Molto più terreno l'amore ai tempi dei Chromatics: Kill for Love esplode in immagini di decadente disco di vetro, trascinandoci in tourbillon di flutes di champagne, passioni fedifraghe, e abiti da sera argentei, mentre Giorgio Moroder in smoking patrocina un'atmosfera festante che scricchiola sinistra come l'ossessivo synth del brano: continuare a ballare eleganti mentre l'universo cade a pezzi. Si chiama classe, dolcezza, come quelle sfoggiata nel 1981 dai Japan in Ghost: Bruma metallica ed echi di abbandonati palazzi della cortina di ferro, immortalati da foto di scena rubate dal film The Hunger (Miriam si sveglia a mezzanotte), il funambolismo di Mike Karn resta in panchina, per dare maggior risalto alla seta vocale dell'androgino David Sylvian, assoluta protagonista del brano, resa immagnifica dai delicati colpi di xilofono del ritornello, cui replicano gli accordi caldi ed oscuri delle tastiere, sul cui dondolare ci salutiamo.
Per poco.
Spero.
Seriously.
Compilazio_11 disponibile qui
Traccia (Gruppo; Album)
01.King Kong Brigade (Off!;Off!)
02.Pyramid mirrors (Anywhere;Anywhere)
03.I Will Dare (Replacements;Let it be)
04.Where Is The Weekend (Terry Malts; Killing Time)

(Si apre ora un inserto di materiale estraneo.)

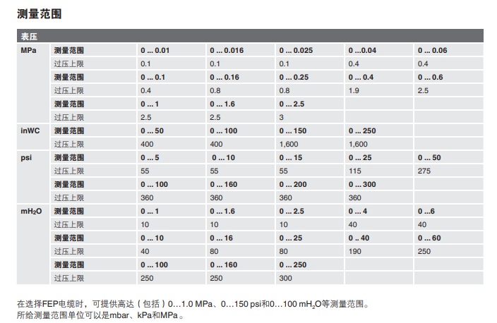 投入式压力变送器(带FEP电缆):长达100 m(328英尺)

05.falling and laughing (Orange Juice; You Can't Hide Your Love Forever)
06.0048-0729 (Olafur Arnalds; Eulogy for Evolution)
07.She's Long gone (Black Keys; Brothers)
08.Ladies and Gentlemen We Are Floating In Space (Can't Help Falling In Love) (Spiritualized; Ladies and Gentlemen We Are Floating In Space)
09.Kill For Love (Chromatics; Kil for Love)
10.Ghosts (Japan; Tin Drum)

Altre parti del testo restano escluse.